Merge branch 'main' into run-store-write-adapter

d-cs · web-flow · commit 3b809b9aafbe · 2026-06-18T12:24:56.000+01:00
diff --git a/docs/ai-chat/custom-agents.mdx b/docs/ai-chat/custom-agents.mdx
@@ -179,6 +179,38 @@ for await (const turn of session) {
 }
 ```
 
+## Stopping generation
+
+The frontend stops a turn with [`transport.stopGeneration(chatId)`](/ai-chat/frontend#stop-generation), which writes a stop signal to the session's input stream. It aborts the current turn's generation but keeps the run alive, so the next message continues on the same session.
+
+`turn.signal` is a combined stop-and-cancel `AbortSignal`, fresh each turn. Pass it to `streamText` so the stop reaches the model, then let `turn.complete()` finish the turn:
+
+```ts trigger/my-chat.ts
+for await (const turn of session) {
+  const result = streamText({
+    model: anthropic("claude-sonnet-4-5"),
+    messages: turn.messages,
+    abortSignal: turn.signal, // fires on a user stop OR a run cancel
+    stopWhen: stepCountIs(15),
+  });
+
+  await turn.complete(result);
+
+  if (turn.stopped) {
+    // user stopped this turn — the partial response is already accumulated
+  }
+}
+```
+
+On a stop, `turn.complete()` cleans up the aborted parts of the partial response, accumulates it as its own assistant message, and writes turn-complete.
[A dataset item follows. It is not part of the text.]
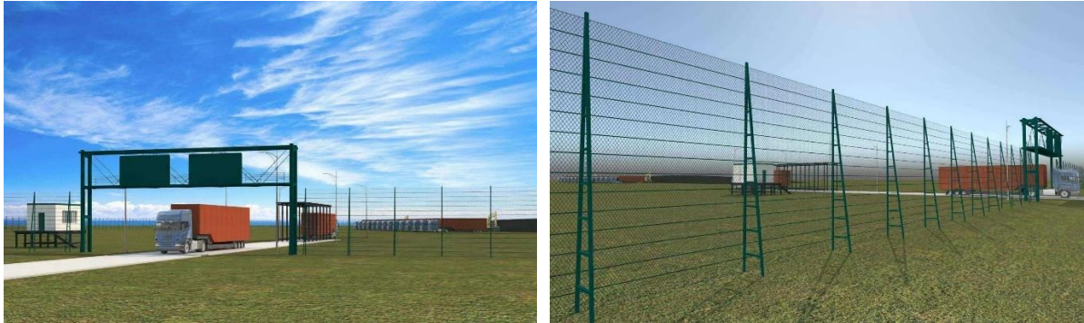
Зураг 1-2. Төслийн талбайн зураг төсөл

Ананд жим ХХК-ийн Гаалийн хяналтын талбай байгуулах төсөл нь барилга байгууламжийн хувьд гаалийн хяналтын талбайн хашаа, пүү, пүүний барилга зэргээс бүрдэнэ (Зураг 1-2).

The run does not end — the loop continues to the next turn.
+
+Read `turn.stopped` to tell a user stop from a full run cancel:
+
+- **User stop** (`transport.stopGeneration`): `turn.signal` aborts, `turn.stopped` is `true`, the partial response is accumulated, and the run stays alive for the next message.
+- **Run cancel** (cancelled, expired, or `maxDuration` exceeded): `turn.signal` aborts, `turn.stopped` is `false`, and `turn.complete()` returns without accumulating because the run is ending.
+
+A hand-rolled loop wires this itself with `chat.createStopSignal()` and `chat.cleanupAbortedParts()`. Two things `createSession` handles for you are easy to get wrong there — see the [hand-rolled loop checklist](#hand-rolled-loop-checklist).
+
 ## Hand-rolled loop with primitives
 
 For full control, skip `createSession` and compose the primitives directly:
diff --git a/docs/ai-chat/patterns/human-in-the-loop.mdx b/docs/ai-chat/patterns/human-in-the-loop.mdx
@@ -20,7 +20,7 @@ Turn N:
   LLM streams text → calls askUser tool (no execute)
   streamText ends with tool-call in `input-available` state
   onTurnComplete fires (finishReason = "tool-calls")
-  Agent idle
+  Agent suspends (compute freed) — maxDuration does not tick while paused
 
 Frontend:
   Renders question + option buttons from tool input
@@ -36,6 +36,14 @@ Turn N+1:
 
 The AI SDK's `toUIMessageStream` automatically reuses the assistant message ID across the pause (we pass `originalMessages` internally), so `responseMessage` in the post-resume `onTurnComplete` is the **full merged message** — the original text, the completed tool call, and any follow-up content — not just the new parts.
 
+## Duration and cost while paused
+
+A pause doesn't hold compute. After the model calls a no-execute tool, the turn finishes and the run stays warm for `idleTimeoutInSeconds` (default 30s), then **suspends** and frees its compute, the same way [`wait.for`](/wait-for) does. The user's `addToolOutput` wakes it back up.
+
+Because the run is suspended while it waits, the human's thinking time is not billed and does **not** count against [`maxDuration`](/runs/max-duration). `maxDuration` measures active CPU time and excludes suspended waitpoint time, exactly like `wait.for`, so a user can take minutes, hours, or days to answer without the run hitting `maxDuration`. The only time that counts is each turn's actual compute plus the short warm window before each suspend.
+
+You don't need to raise `maxDuration` or end the run to support long human waits. How long a single suspended pause stays open is governed by the run's suspend timeout, not `maxDuration`; if a wait outlives it the run ends, and the next `addToolOutput` boots a fresh continuation that picks up the resolved tool result.
+
 ## Backend: define the tool
 
 A HITL tool has an `inputSchema` describing what the model can ask, but **no `execute` function**. When the LLM calls it, `streamText` returns control to your agent.